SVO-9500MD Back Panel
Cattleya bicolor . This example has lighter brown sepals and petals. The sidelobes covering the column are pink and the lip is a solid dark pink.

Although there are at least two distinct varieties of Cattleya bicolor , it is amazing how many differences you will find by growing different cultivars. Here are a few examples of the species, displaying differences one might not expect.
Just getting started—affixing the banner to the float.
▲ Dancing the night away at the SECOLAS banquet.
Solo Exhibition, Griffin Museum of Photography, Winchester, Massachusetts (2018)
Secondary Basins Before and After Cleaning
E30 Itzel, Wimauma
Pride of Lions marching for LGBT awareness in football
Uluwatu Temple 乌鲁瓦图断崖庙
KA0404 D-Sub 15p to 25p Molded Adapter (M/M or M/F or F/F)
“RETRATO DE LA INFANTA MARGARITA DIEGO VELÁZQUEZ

# # #

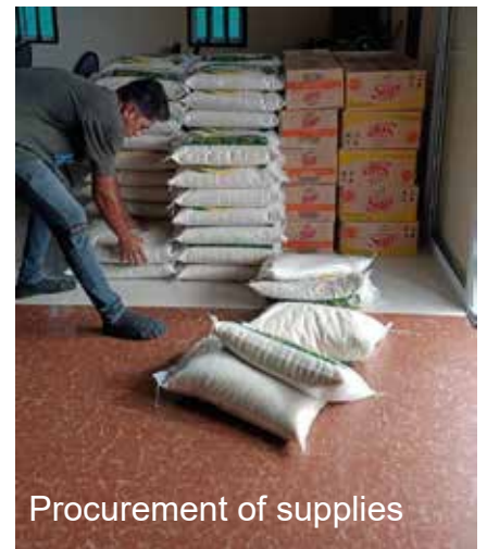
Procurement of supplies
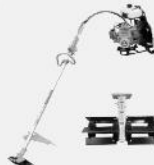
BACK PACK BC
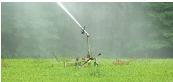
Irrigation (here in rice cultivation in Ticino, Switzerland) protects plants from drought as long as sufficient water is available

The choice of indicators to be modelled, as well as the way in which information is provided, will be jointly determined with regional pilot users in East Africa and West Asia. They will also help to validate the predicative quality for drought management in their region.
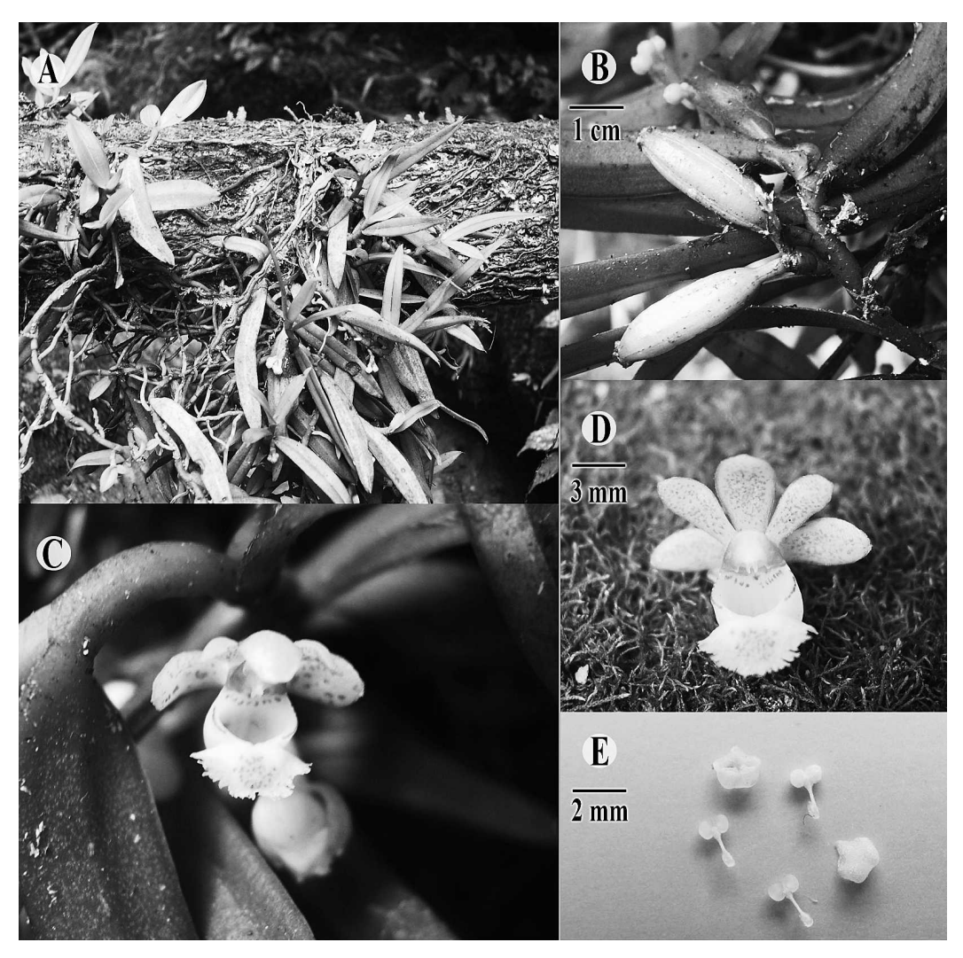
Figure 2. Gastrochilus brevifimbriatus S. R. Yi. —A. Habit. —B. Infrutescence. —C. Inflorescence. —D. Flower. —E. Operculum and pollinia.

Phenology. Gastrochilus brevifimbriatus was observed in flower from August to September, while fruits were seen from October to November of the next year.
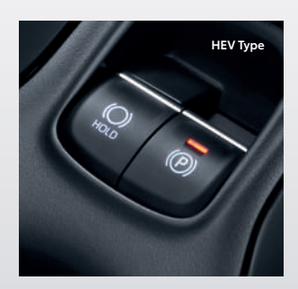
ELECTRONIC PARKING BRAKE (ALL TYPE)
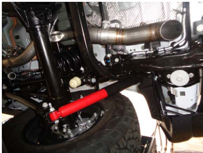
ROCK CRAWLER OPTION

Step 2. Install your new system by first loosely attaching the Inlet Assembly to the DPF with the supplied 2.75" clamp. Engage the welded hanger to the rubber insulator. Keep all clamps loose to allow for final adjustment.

# # #

> [EXERCISE OBJECTIVE]: Of the records above, copy each line that includes "will".

> [EXPECTED OUTPUT]:
Although there are at least two distinct varieties of Cattleya bicolor , it is amazing how many differences you will find by growing different cultivars. Here are a few examples of the species, displaying differences one might not expect.
The choice of indicators to be modelled, as well as the way in which information is provided, will be jointly determined with regional pilot users in East Africa and West Asia. They will also help to validate the predicative quality for drought management in their region.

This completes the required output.